Starting with the +1.5 lens every lens down thru – 1.5 was inserted in the holder clamped on the rear iris.  All the lenses made the front sight just barely sharper. To the best of my ability I could see no difference in the clarity of the target between any of the lenses. It was certain that none of the lenses made the target look worse but if there was an improvement it was very small. I would insert each lens into the holder and take a quick look then pull it out of view and try & compare how the sight picture compared with and without the lens.  After doing this with 10 lenses I think for me at least, I can see just as well with no rear lens and the .3 front with a bloop tube. The Micro Sight was then inserted and all lenses checked as described above.  The Micro Sight did not help with any lens and in fact was probably just slightly worse. I tried the Gehman rear sight with the 1.5 magnification and it too was worse than no lens at all in the rear.  And finally I removed the .3 front lens and looked thru the Gehman 1.5.  The target looked sharp and the front sight was sharp.  But the target looked about like a 200 yard center. It would have been VERY difficult for me to call any shots with the pin head looking target inside the great big aperture. I believe the old adage about there being no free lunch applies here.

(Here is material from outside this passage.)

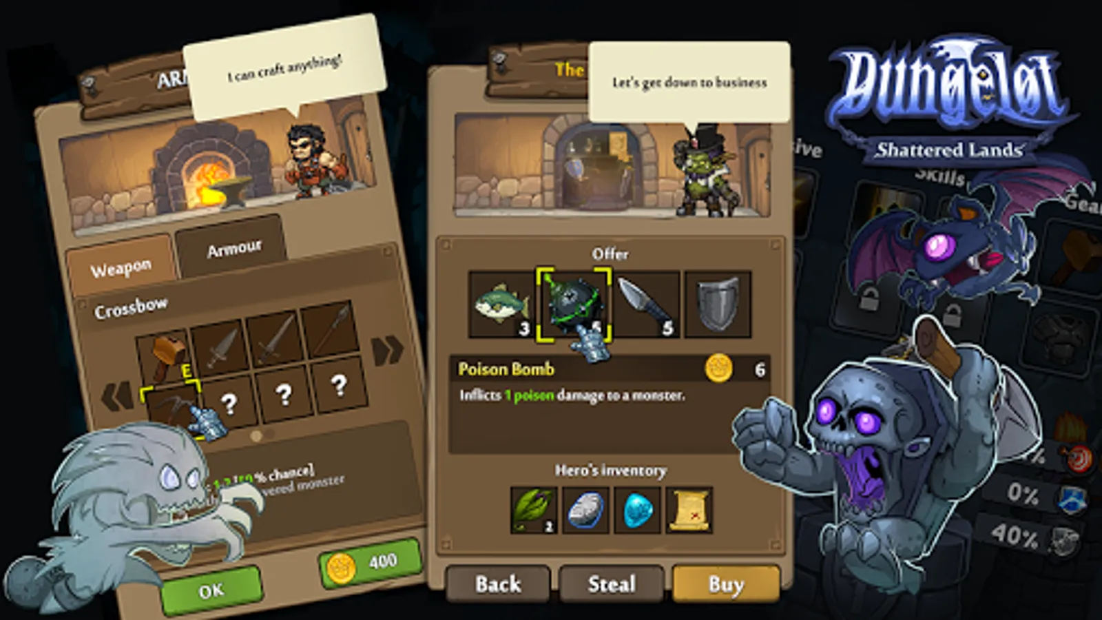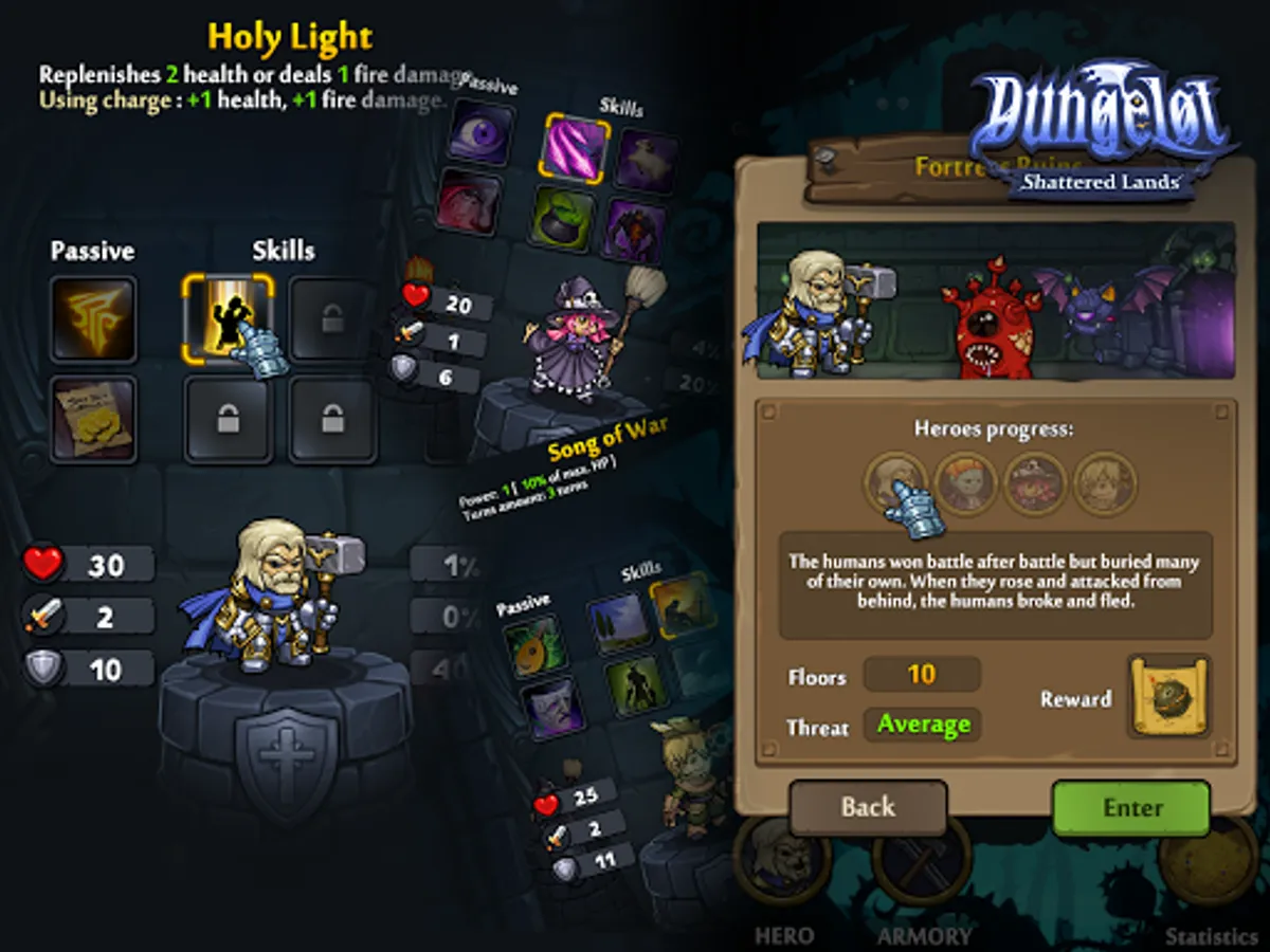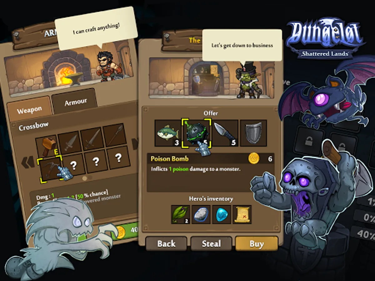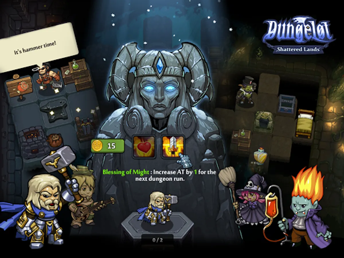 Dungelot: Shattered Lands features dozens of hours of content, with three worlds to explore, hundreds of items, spells and enemies, and epic boss battles that will burn your face off.

Today’s next test was the same as described above but with Palma rifle # 2 on a Stolle action.  This rifle wears a 30MM Right Sight with a .37 rose tint lens from our favorite Snake Oil Salesman, Bob Jones. The results with this front sight were similar to the results with the bloop tube rifle.  In fact if anything I think the sight picture was just slightly better with no rear lens at all.
The instructions with the test lenses indicated it might be better to remove the rear sight and look through the big hole as there will be greater sensitivity to focus changes by looking thru the largest aperture available.  So I tried this and everything was a complete blur until I got to the + 1.50 and + 1.75 lens. I doubt I would have hit the target had the sight picture been that poor with the rear sight in.
At this point about the only thing I want to try is the above with a .5 front in my # 1 MRP rifle. I hope to have that report next week.
So many rifles, so many lenses, so much testing, so little time.